I sometimes find interesting rifts between my theology and my actual practice. To be brutally honest, I should call them “inconsistencies” or even “hypocrisy.”
I’ve declared the election off-limits in my mind until next summer… this year-away campaigning is just ridiculous. My last political comment before next July is this:
Like every other area of life, politics must be claimed for the glory of God and His kingdom. The Gospel redeems nations, not just individuals. Christians (especially in democracies) bear a distinct responsibility to effect change within our political system. We must work for peace, healing, justice, righteousness — all of the morality of God’s kingdom (imperfect though it will be in a broken, sinful world).
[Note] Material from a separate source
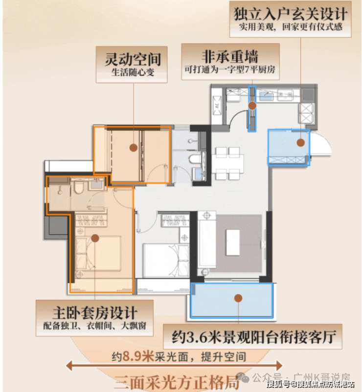 87平的小户型,乍一看可能会觉得空间有限,但经过巧妙的设计,竟然做到了“麻雀虽小,五脏俱全”。首先,它采用了少承重墙化的设计,这意味着次卧的空间可以根据需要进行灵活调整。比如,可以打通做成一个大房间,也可以隔开变成两个小房间,满足不同家庭结构的需求。其次,生活阳台与厨房打通,形成了一个约7平的全明空间,这不仅增加了采光和通风,还提升了空间的利用率。主卧配备了独立卫浴,实现了干湿分离,增加了私密性。要知道,在很多市面上的产品中,超90平才有主套设计,而87平就能做到,这已经非常难得。

I like that theory very much.
However, like many Americans, I find myself ridiculously apathetic when it comes to political involvement. I can’t even tell you the name of Anderson’s mayor, nor do I really care. Most local issues seem saturated with good-ol-boy networking and endless arguments about funding for things that don’t directly affect me.
On the state level, South Carolina is so conservative that I wonder if it’s worth it. Sure, the “big cities” of Charleston, Greenville and Columbia wrestle more with urban issues and thus a more liberal voting block … but other than thinking that Mark Sanford seems to have been a responsible governor who basically kept his campaign promises, I don’t pay a whole lot of attention to state issues either. My friend Paul works for the state’s probation & parole system … if anything I wish someone would put him in charge of something because he seems to recognize the cause of problems in his agency and offers workable solutions to them. But hey, he’s a Yankee. Not even a snowball’s chance that he’d get appointed.
We all get hung up on national politics, especially in years divisible by 4. Here again, my theology fails to correct my attitude. Yup, Christians should be involved in politics and elections matter. Weighty issues of justice and mercy emerge from the cluttered discussions of the uninsured/under-insured, illegal immigrants (and how we mistreat them), or the war in Iraq.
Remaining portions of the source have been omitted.